Engagement in antenatal and HIV care among pregnant women before and after Option B+ policy implementation in South Africa

Authors

  • C Hwang Health Economics and Epidemiology Research Office, Faculty of Health Sciences, University of the Witwatersrand, Johannesburg, South Africa; Department of Internal Medicine, Stanford University School of Medicine, Stanford, USA https://orcid.org/0000-0001-7811-3492
  • N Jinga Health Economics and Epidemiology Research Office, Faculty of Health Sciences, University of the Witwatersrand, Johannesburg, South Africa https://orcid.org/0000-0001-6010-2867
  • M Dheda National Department of Health Pharmacovigilance Centre for Public Health Programmes, Pretoria, South Africa https://orcid.org/0000-0002-9355-5405
  • O Mhlongo KwaZulu-Natal Department of Health, Pietermaritzburg, South Africa
  • P Phungula KwaZulu-Natal Department of Health, Pietermaritzburg, South Africa
  • K Clouse Health Economics and Epidemiology Research Office, Faculty of Health Sciences, University of the Witwatersrand, Johannesburg, South Africa; Vanderbilt University School of Nursing, Nashville, USA; Vanderbilt Institute for Global Health, Vanderbilt University Medical Center, Nashville, USA https://orcid.org/0000-0002-0190-7398
  • M D Huffman Division of Cardiology, Department of Medicine, Washington University School of Medicine, St. Louis, USA; The George Institute for Global Health, University of New South Wales, Sydney, Australia
  • M P Fox Health Economics and Epidemiology Research Office, Faculty of Health Sciences, University of the Witwatersrand, Johannesburg, South Africa; Department of Global Health, Boston University School of Public Health, Boston, USA; Department of Epidemiology, Boston University School of Public Health, Boston, USA https://orcid.org/0000-0001-9887-0634
  • M Maskew Health Economics and Epidemiology Research Office, Faculty of Health Sciences, University of the Witwatersrand, Johannesburg, South Africa https://orcid.org/0000-0003-4238-0200

DOI:

https://doi.org/10.7196/SAMJ.2026.v116i1.2304

Keywords:

Pregnancy, antenatal care, HIV

Abstract

Background. Substantial gains have been made in South Africa (SA) in the prevention of vertical transmission of HIV over the past decade.

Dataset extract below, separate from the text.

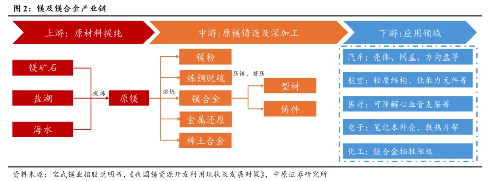 镁合金产业链是一条以镁资源为起点、终端为高端制造的多层级工业链条。镁合金产业链主要包括上游资源开采与原镁冶炼、中游材料加工与合金制备、下游产品应用三大环节。镁产业链的上游主要是从菱镁矿、白云石、盐湖镁卤水等含镁资源中提炼出原镁;中游是将原镁转化成镁合金,再将镁合金通过铸造、变形等工艺加工成镁合金型材与铸件;下游产业主要是对镁合金进行深加工,通过压铸等工艺,形成能满足下游特殊性能需求的镁合金系列材料。

Objective. To determine whether engagement in antenatal and HIV care among pregnant women living with HIV (WLWH) differed after Option B+ implementation.

Methods. We analysed cohort data from a pregnancy and birth defects surveillance system in KwaZulu-Natal (KZN). We report on two co-primary outcomes related to engagement in HIV care: (i) timing and number of antenatal care (ANC) visits during the pregnancy period; and (ii) timing of antiretroviral therapy (ART) initiation (both self-reported ART use in interviews and observed initiation of treatment in maternal records). The association of policy era on the timing of ANC presentation was assessed using log-binomial regression modelling. We also report proportions initiating ART before or during pregnancy stratified by policy era.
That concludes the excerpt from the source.